Such a message emphasizes a negative correlation between what the kid finds enjoyable, and what the caregiver thinks is dangerous, thus imprinting the idea that enjoyability is inversely related to functionality. Now, consider another scenario, one in which the kid doesn’t want to do something because it is boring (like homework) and the caregiver thinks is functional.

The caregiver is likely to say, “only kids who do their homework will succeed in life!” Again, such a message imprints a negative correlation between enjoyability and functionality.

When the kid engages in an activity that he enjoys and the caregiver thinks is functional-like swimming-the caregiver doesn’t need to intervene. Likewise, when the kid refrains from an activity that he does not enjoy and the caregiver thinks is not functional-like drinking beer-the caregiver doesn’t need to intervene.
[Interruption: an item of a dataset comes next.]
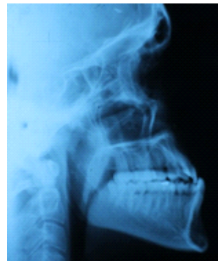
Fig. 3: Pre treatment lateral cephalometric radiograph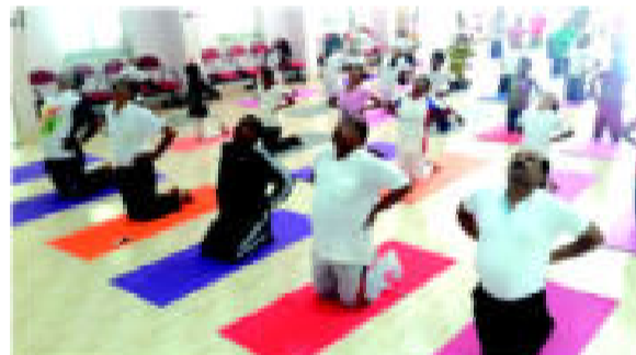
Yoga Day celebration by Education Department at Govt. Model Sr. Sec. School.

Now, all this would be of mere academic interest if the more fun = less good intuition did not hurt people. But it can-in at least two ways. First, people who subscribe to the intuition seem less happy than those who don’t. It is easy to understand why: if you believe that fun things are bad for you, then you are prone to chastising yourself for partaking of fun activities.

Second, people who subscribe to the intuition, and to its cousin-the “more attractive = less intelligent” intuition, are likely to levy an attractiveness penalty on others. Naylor and I found that when a professor was described as “good looking” and “fun loving”, students thought that they would learn less from him than from another professor who was described as less good looking and fun loving.

Before closing, I would like to comment on one other issue. As some of you may have noted, the phenomenon I have just described runs counter to the well-established halo effect findings.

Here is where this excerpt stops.